● **PROBLEM TO SOLVE**
After finding "cut – 5.5mtr" in a line below, print that line and the rest of the lines exactly, leaving out all pictures.

━━ DATA EXCERPT ━━

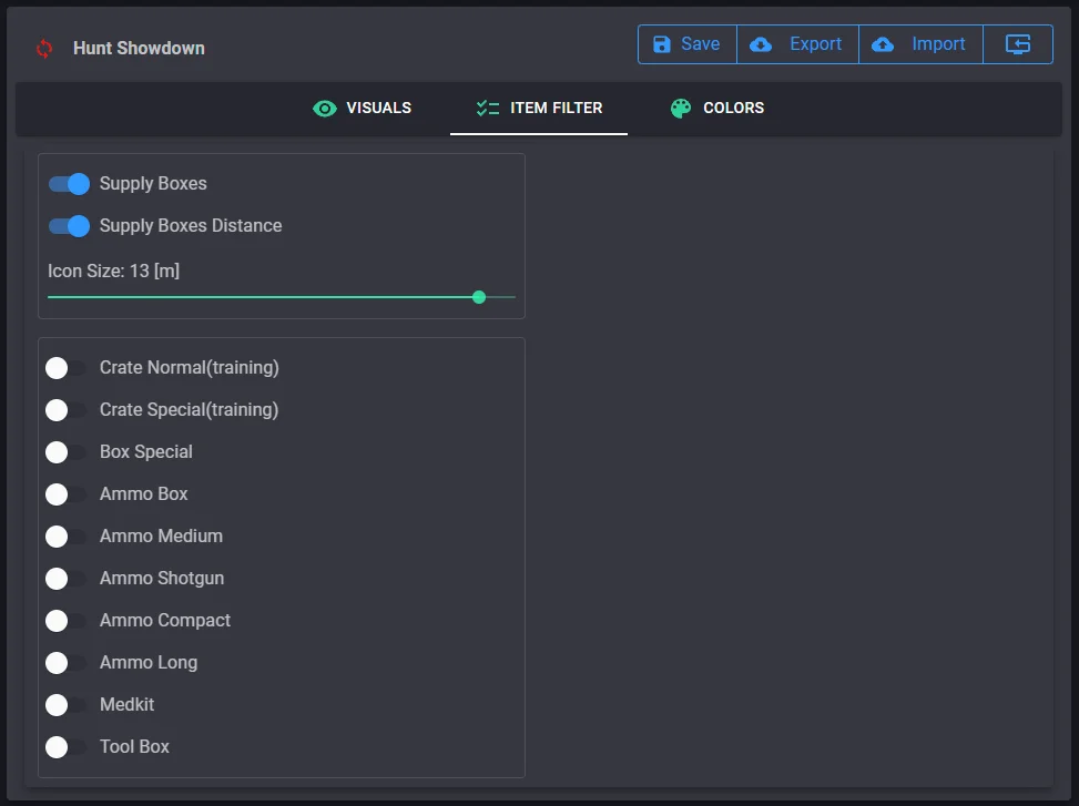[+] Item Color ( Ammo Medium / Ammo Shotgun / Ammo Compact / Ammo Long / Medkit )
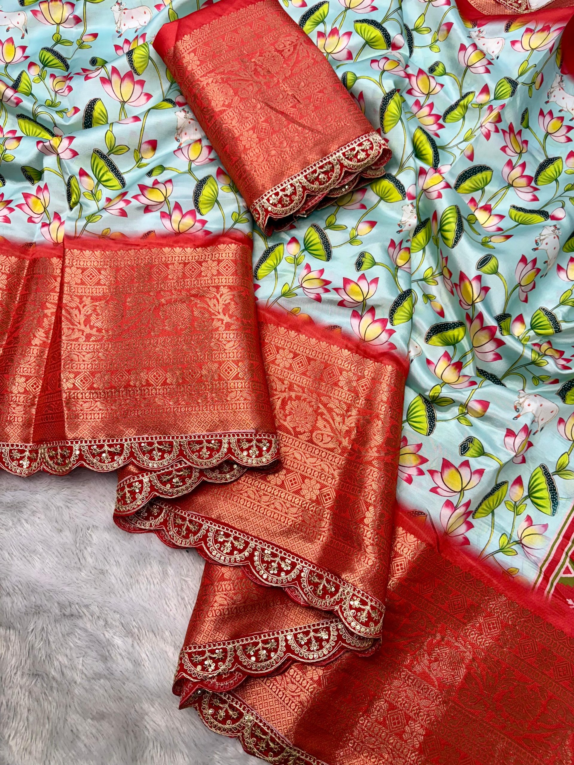 | Fabrics | Saree : Dola silk Saree With Zari Weaving Border And Also All Over Print On This Saree And Printed Pallu And BlouseBlouse : Cording Sequins LaceSaree cut – 5.5mtr
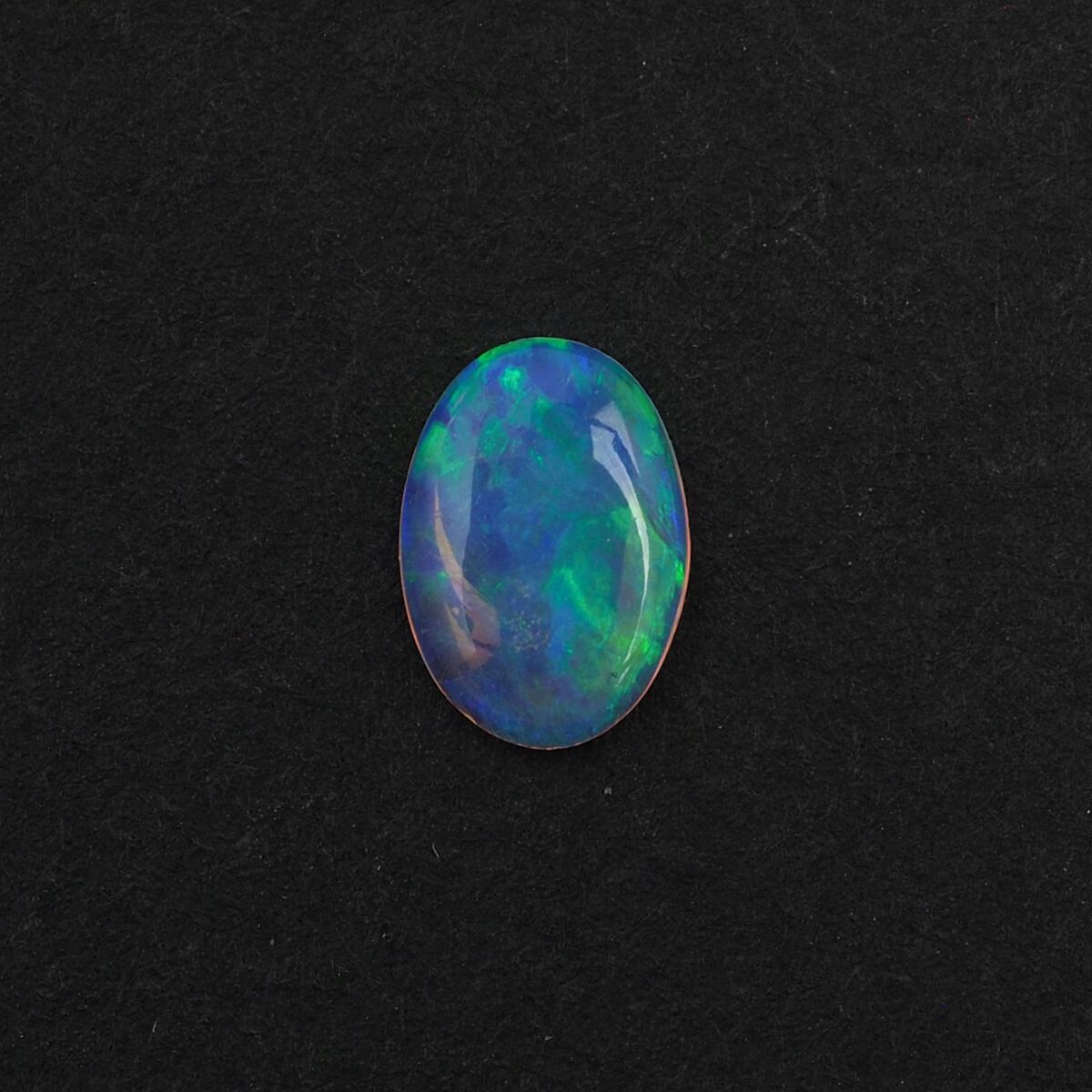 オパールは遊色の撮影が非常に難しく写真で全てお伝え出来ませんが、実物はギラギラしていて大変綺麗です。こちらは平べったいオーバルで遊色はブルーとグリーンがメインです。

━━━

● **RESPONSE AREA**
 | Fabrics | Saree : Dola silk Saree With Zari Weaving Border And Also All Over Print On This Saree And Printed Pallu And BlouseBlouse : Cording Sequins LaceSaree cut – 5.5mtr
 オパールは遊色の撮影が非常に難しく写真で全てお伝え出来ませんが、実物はギラギラしていて大変綺麗です。こちらは平べったいオーバルで遊色はブルーとグリーンがメインです。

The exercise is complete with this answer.